Fernandes conta que em seguida o substrato é imerso em solução contendo moléculas de cargas contrárias aos das primeiras moléculas (ou seja, iguais ao do substrato “cru”) e, como anteriormente, espera-se certo tempo e, após, o filme é lavado e seco e, então, uma nova camada se forma sobre o substrato (uma bicamada). “Para filmes de certa espessura, os processos anteriores são repetidos até o desejado”, diz. “Embora neste tipo de filme não haja organização molecular como o anterior, se pode controlar a espessura do filme e a ordem das moléculas que serão ‘ensanduichadas’”.
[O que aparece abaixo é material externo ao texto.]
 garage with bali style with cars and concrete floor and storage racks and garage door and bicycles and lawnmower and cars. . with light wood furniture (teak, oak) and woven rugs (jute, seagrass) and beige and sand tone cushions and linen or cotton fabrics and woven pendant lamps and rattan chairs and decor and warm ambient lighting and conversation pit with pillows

O biossensor testado na pesquisa apresentou propriedades melhoradas como reprodutibilidade (menos de 2% de desvio no sinal de resposta), limite dinâmico, sensibilidade e seletividade. “Assim, foi possível a quantificação de compostos fenólicos presentes no vinho tinto, e esta seletividade pode ser utilizada na melhoria dos eletrodos da Língua Eletrônica espanhola, equipamento adotado na análise de vinhos”, relata Fernandes. O processo de imobilização das enzimas por filmes LB permitiu um ambiente favorável à molécula biológica devido às interações bipolares e de hidrofobicidade favorável, permitindo uma melhor conformação e orientação das enzimas adsorvidas, preservando sua atividade. “Para o caso das bactérias, elas foram detectadas por meio de enzimas digestivas e, indiretamente, por meio da produção de compostos fenólicos produzidos pelas bactérias na presença de ácido salicílico. Contudo, os resultados com bactérias ainda são preliminares.”
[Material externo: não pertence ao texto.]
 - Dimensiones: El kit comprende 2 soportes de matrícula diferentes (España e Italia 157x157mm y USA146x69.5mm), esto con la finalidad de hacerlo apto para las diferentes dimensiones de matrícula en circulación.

A pesquisa, realizada no Grupo de Nanomedicina e Nanotoxicologia do IFSC, também testou a aplicação das plataformas sensoras em biossensores baseados em Transistores de Efeito de Campo (FETs), além da utilização de moléculas capazes de mimetizar a atividade de enzimas na fabricação de biossensores baseados em enzimas artificiais.O Programa de Pós-Graduação Interunidades em Ciência e Engenharia de Materiais é integrado pelo IFSC, Instituto de Química de São Carlos (IQSC) e Escola de Engenharia de São Carlos (EESC) da USP. O texto completo da tese pode ser acessado neste link. As moléculas sensoras usadas como enzimas artificiais foram sintetizadas pela professora Maria Luz Rodriguez Mendez, da Universidad de Valladolid, na Espanha, onde foi realizada parte da pesquisa de doutorado.

Os biossensores podem ser usados em várias aplicações. A mais comum é nas “fitinhas de diabetes” que quantificam o nível de glicose no sangue”. “No entanto, é possível utilizar biossensores para reconhecer doenças genéticas, moléculas associadas ao câncer, HIV, ebola, predisposição ao infarto, doenças negligenciadas como a leishmaniose e a dengue, etc”, ressalta o pesquisador. “Também podem ser utilizados para detecção de vírus e bactérias, indicar contaminação em meios aquosos ou em alimentos, reconhecer se houve adulteração no leite ou em sucos de frutas, averiguar a qualidade de bebidas em geral, entre inúmeras outras aplicações.”